Furthermore, for both the U.S. and China, experts point out that prolonged tariff confrontations will damage both economies in the long term—tariff battles will raise import and export costs, American consumers will face rising prices, and Chinese exporters will lose market share.

Regarding the White House announcement from yesterday, Wall Street Journal trade columnist Josh Zumbrun noted: “A figure like 245% seems more like political propaganda, aimed at portraying a tough stance to domestic voters.”

Additionally, an international relations scholar from Renmin University of China stated, “The mutual comparison of tariff figures between China and the U.S. obscures the fact of their economic interdependence.

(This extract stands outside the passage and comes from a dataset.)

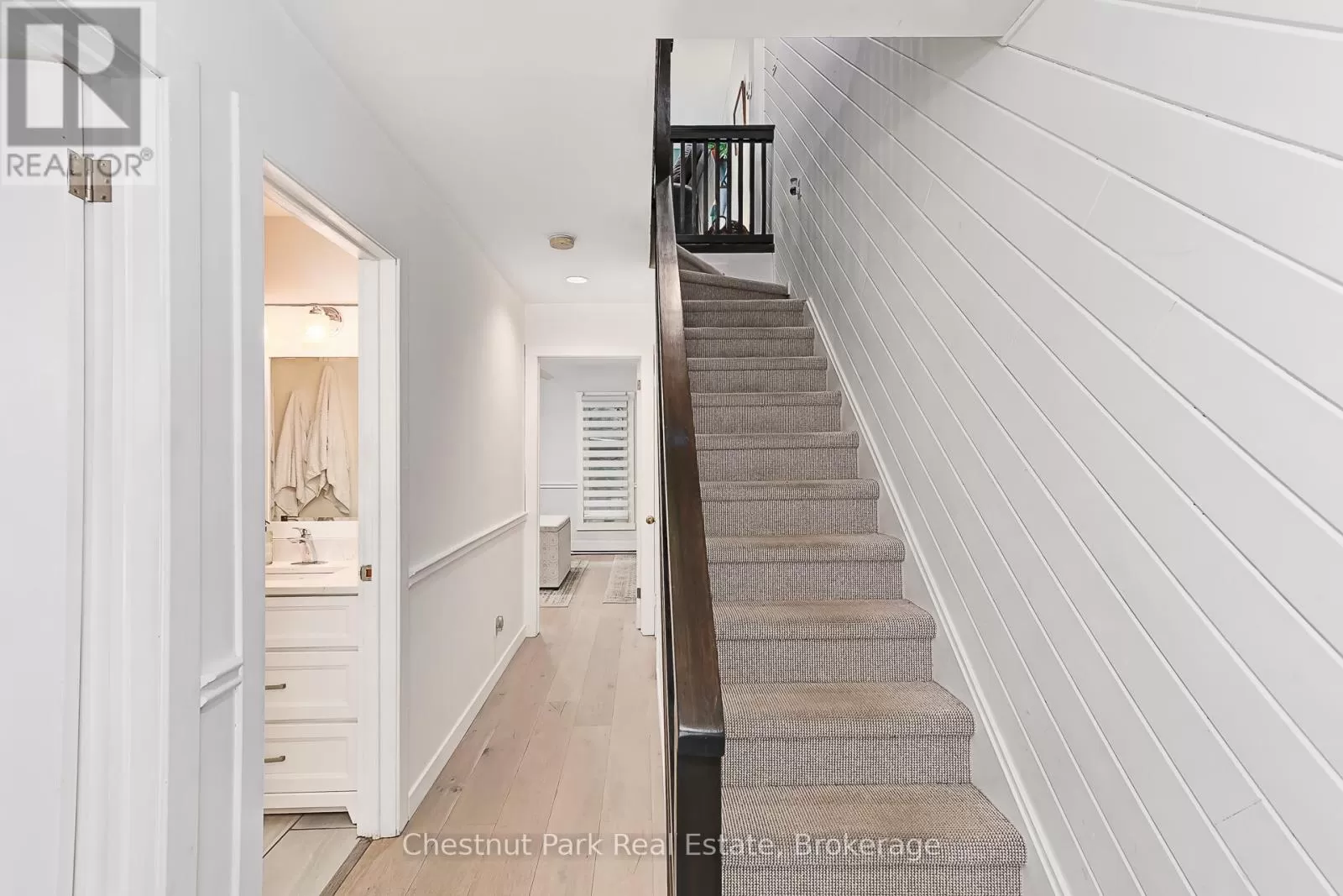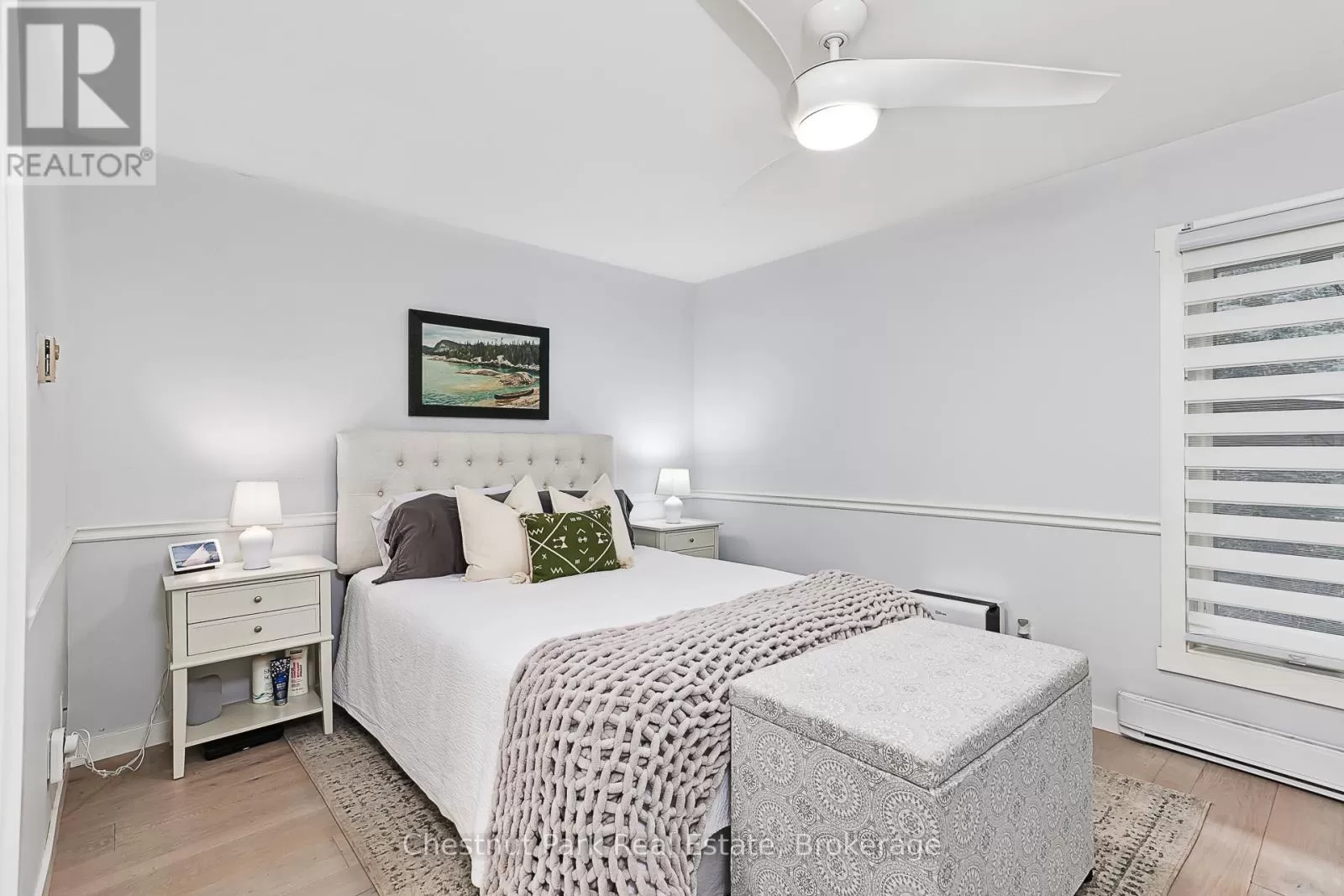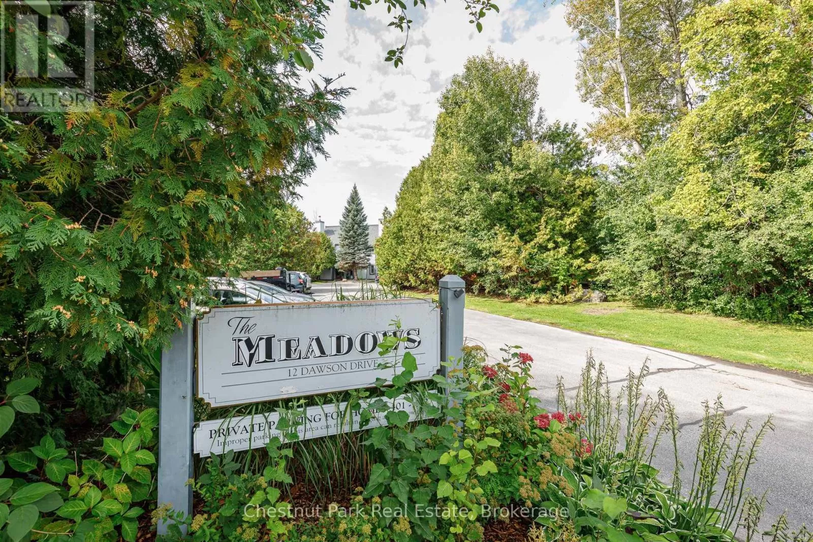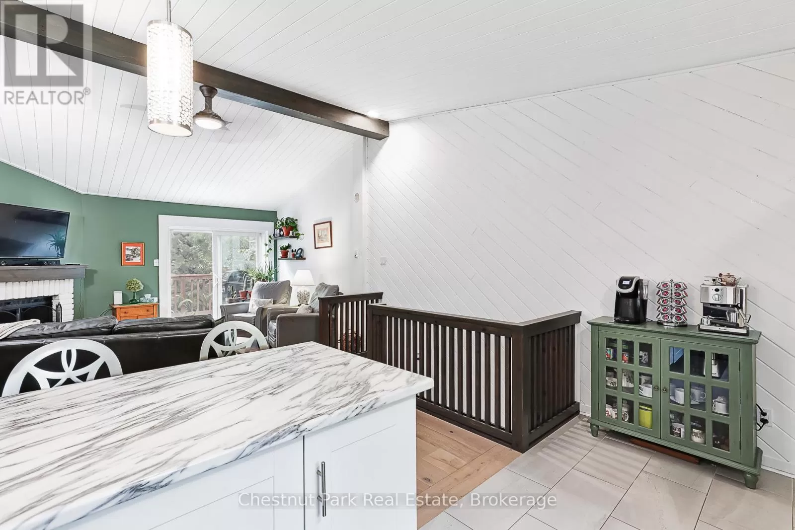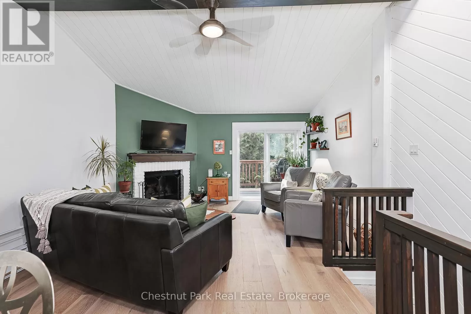 Cross Streets: Hwy 26. ** Directions: Hwy 26 W to Harbour or Keith to Dawson (Meadows). This beautifully updated two-bedroom, two-bathroom condominium is ideally located just a short drive from local beaches, exceptional hiking trails, Blue Mountain, and downtown Collingwood. Thoughtfully designed with a reverse floorplan, the unit features a spacious primary bedroom complete with a four-piece ensuite bathroom. An additional bedroom and bathroom are conveniently situated on the main level. The upper floor showcases a bright, open-concept kitchen, living, and dining area, highlighted by cathedral ceilings, a cozy wood-burning fireplace, and access to a large private deck. This unit has been completely updated from top to bottom, boasting engineered hardwood flooring throughout, as well as modernized bathrooms and a kitchen with ample cupboard space. A must-see to truly appreciate! ALSO LISTED FOR ANNUAL LEASE MLS S12394926 (id:27476)

The 245% or 145% figures are more like negotiation chips rather than actual enforcement standards.” The U.S. and China should lower tariff barriers through negotiation; otherwise, it will only hinder global economic recovery.

The First Financial Daily also quoted experts stating, “If the U.S. intends to impose new tariffs, it needs to issue a formal order in the Federal Register; currently, it is merely a factual list, with no substantive tariff actions.”